Just over half a century since Neil Armstrong first stepped foot on the lunar surface, a new space race to the Moon is well underway and rapidly gaining momentum. Laying out a vision for the next fifty years, Back to the Moon is astrophysicist Joseph Silk’s persuasive and impassioned case for putting scientific discovery at the forefront of lunar exploration. 
 
The Moon offers opportunities beyond our wildest imaginings, and plans to return are rapidly gaining momentum around the world. NASA aims to build a habitable orbiting space station to coordinate lunar development and exploration, while European and Chinese space agencies are planning lunar villages and the mining of precious resources dwindling here on Earth. Powerful international and commercial interests are driving the race to revisit the Moon, but lunar infrastructures could also open breathtaking vistas onto the cosmos. Silk describes how the colonization of the Moon could usher in a thrilling new age of scientific exploration, and lays out what the next fifty years of lunar science might look like. With lunar telescopes of unprecedented size situated in permanently dark polar craters and on the far side of the Moon, we could finally be poised to answer some of the most profound questions confronting humankind, including whether we are alone in the Universe and what our cosmic origins are. 
 
Addressing both the daunting challenges and the immense promise of lunar exploration and exploitation, Back to the Moon reveals how prioritizing science, and in particular lunar astronomy, will enable us to address the deepest cosmic mysteries. 

 

Home Is the Road: Wandering the Land, Shaping the Spirit by Diane Glancy, Broadleaf Books (GMC) 

From the award-winning Native American literary writer Diane Glancy comes a book about travel, belonging, and home. Travel is not merely a means to bring us from one location to another. "My sense of place is in the moving," Glancy writes. For her the road is home--its own satisfying destination. But the road also makes demands on us: asking us to be willing to explore the incomprehensible parts of the landscapes we inhabit and pass through--as well as to, ultimately, let them blur as they go by. This, Glancy says, is home. 

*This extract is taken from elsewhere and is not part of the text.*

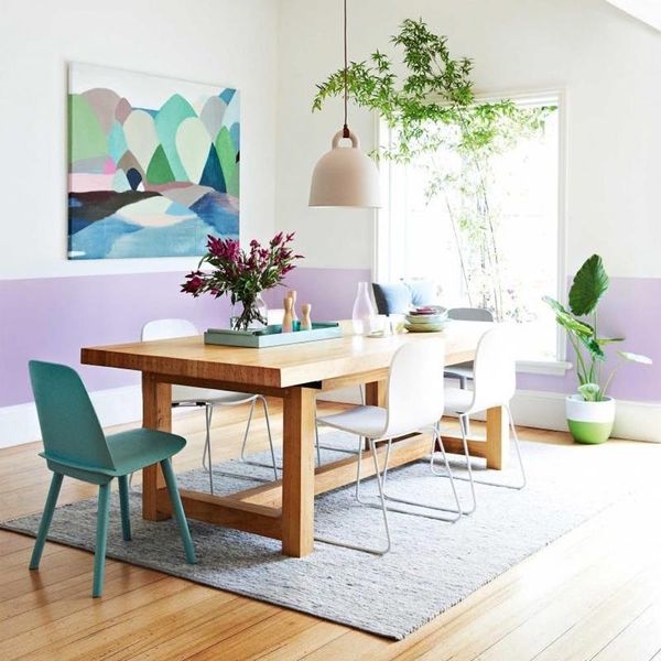 2. Half and Half: A bold, half lilac wall will ensure that your dining room of clean lines and solids is far from dull. Complement with some greenery and pops of blue for the prettiest room ever. (via Inside Out)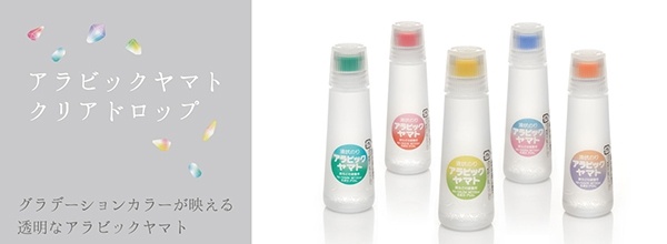 今回発売の「アラビックヤマト クリアドロップ」は、好評だった「アラビックヤマト クリアカラー」同様、透明の液状のりを採用し、ラベルは2カラーのグラデーション仕様で、リラックス感のあるさわやかな印象に仕上げました。また、ドロップというネーミングの通りフレーバーを意識した5つのカラー展開としています。

Glancy teases out the lessons of the road that are never easy to define, grappling with her own: childhood's puzzle pieces of her Cherokee heritage and a fraught but still compelling vision of Christianity. As she clocks an inordinate amount of driving, as she experiments with literary forms, she looks to what the land has held for centuries, before the roads were ever there. 

This, ultimately, is a book about land, tradition, religion, questions and the puzzle pieces none of us can put together quite right. It's a book about peripheral vision, conflicting narratives, and a longing for travel. 

 

Reverse Mentoring: Removing Barriers and Building Belonging in the Workplace by Patrice Gordon, Hachette Go (JAG) 

Most organizations today strive for goals such as employee diversity, inclusive leadership, and younger and fresher ideas. But how do we get there? 
 
In her trailblazing Reverse Mentorship program, world-renowned executive coach and personal development advocate Patrice Gordon creates a safe and engaging culture by having senior leaders learn from junior employees. While typical mentoring programs arrange for a senior manager to teach the more junior employee, Reverse Mentoring is the opposite: it’s all about a leader leaning into their vulnerability, forming a relationship with an underrepresented employee, and amplifying the voice of marginalized people within the company. 
 
Reverse Mentoring offers various tips to make reverse mentorship work. Gordon explores the power of uncomfortable and awkward moments becoming key points of transformation when people have to pause, reflect and assess their past behaviors and current assumptions which are at odds with the topic at hand. She ultimately reveals how bringing more humanity into our organizations allows us to see one another and ourselves in a radically new light.